The global cannabis leader still has plenty of issues with burning cash on a quarterly basis, but it has started taking drastic steps to reduce costs including the recent closing of several cultivation facilities to reduce cannabis output. The market will find the stock far more appealing as the new CEO reduces those quarterly EBITDA losses in the C$90 million range to something lower than C$50 million.

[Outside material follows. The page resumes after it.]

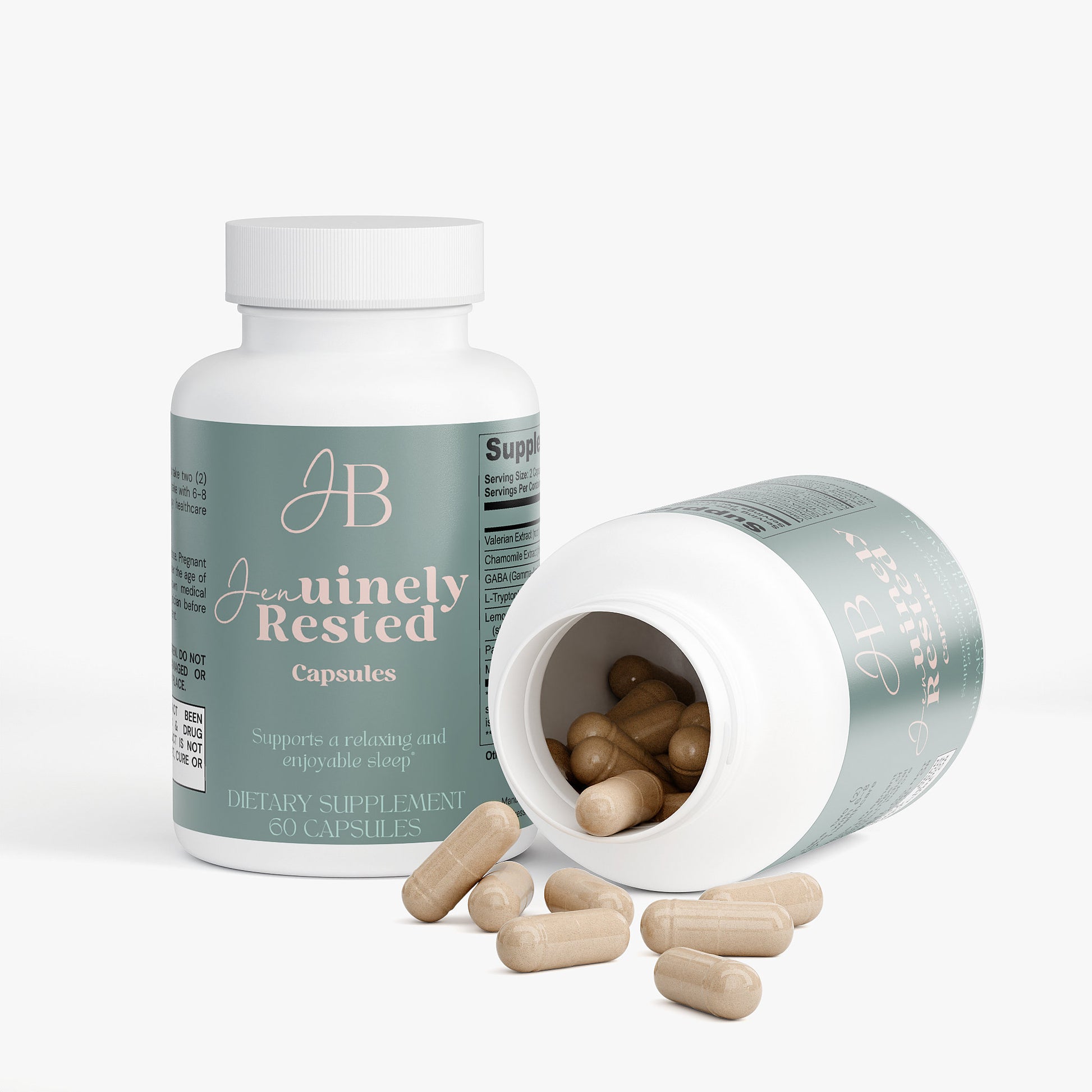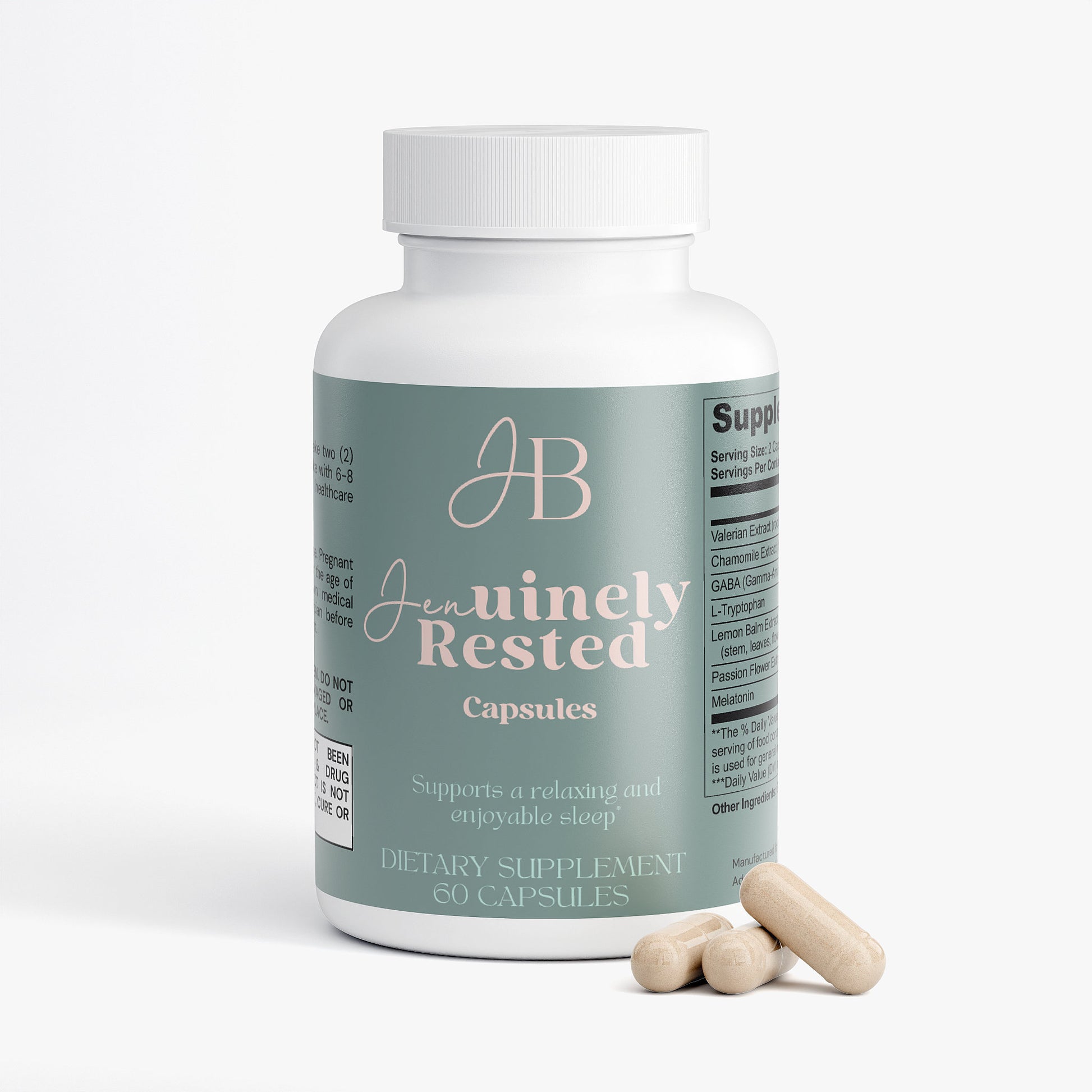 Jenuinely Rested is crafted to foster restful and rejuvenating sleep through a blend of natural ingredients. It is designed to promote a tranquil night’s sleep, leveraging the synergistic effects of Valerian Extract, Chamomile, GABA, and more. This carefully formulated supplement supports your body's natural sleep cycle without the use of artificial additives, ensuring a holistic approach to better sleep.*

In the last quarter, Canopy Growth cut millions from quarterly operating expenses, but the company still spent C$150 million in operating expenses during the quarter. Investors have to hope the company is able to strip C$10 million from those expense levels on a quarterly basis without impacting production such as the expected ramp up in beverages. As mentioned before, Canopy Growth spent C$38 million in adjusted EBITDA in the last quarter alone on business development costs that should be quickly stripped out when a segment can’t turn into one generating sales in the near term.
Wall Street Verdict
Ultimately, Wall Street is just not sure yet about the cannabis giant, but the optimists still win out in the bigger picture. Out of 13 analysts polled in the past 3 months, 6 rate CGC a “buy,” 6 issue a “hold,” and only one says “sell.” The 12-month average price target notably stands at $21.28, marking a healthy return potential of 106% for new investors. (See Canopy Growth stock analysis on TipRanks)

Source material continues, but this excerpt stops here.